Such a trinity is no longer possible in a world in which international trust is fast evaporating.

“The “cartoon” version goes like this: China got very rich making cheap stuff, and then wanted to build 5G networks globally and make cutting-edge chips with cutting-edge lithography machines, but the US said “no way”. As a result, Chimerica is going through a messy divorce. The two sides don’t talk anymore.”

Meanwhile, “Russia got very rich selling cheap gas to Europe, and Germany got very rich selling expensive stuff produced with cheap gas.” Those two sides aren’t talking any more either. 

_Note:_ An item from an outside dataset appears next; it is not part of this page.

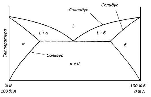 Буквой обозначена фаза вещества A с растворенным веществом B, означает фазу вещества B с растворенным в нем веществом A, а + означает смесь этих фаз. Буква (от liquid - жидкий) означает жидкую фазу, а L+ и L+ означают жидкую фазу плюс фаза или соответственно. Линии, разделяющие фазы, т. е. линии, на которых могут существовать различные фазы вещества, имеют следующие названия: солидус – линия, на которой одновременно существуют фазы или с фазами L+ и L+ соответственно; сольвус – линия, на которой одновременно сосуществуют фазы и + или и + , и ликвидус – линия, на которой одновременно существует фаза L с фазой L+ или L+.

“Chimerica does not work anymore and Eurussia does not work either,” he says and now, in the divorce, it seems Russia and China are “getting it on”. Meanwhile, out west, QE and zero interest rate policies are no longer possible in a world without cheap Chinese and Russian exports. 

There is now a rush to regain control of key technologies, especially microchips, and key commodities, especially oil and gas (and soon in my opinion metals and grains). Pozsar adds straits to the key list - the Taiwan Strait, the Strait of Hormuz, and the Bosporus Strait.

“I think that four themes (re-arm, re-shore, re-stock, and re-wire the electric grid) will be the defining aims of industrial policy over the next five years … the global order is at stake.”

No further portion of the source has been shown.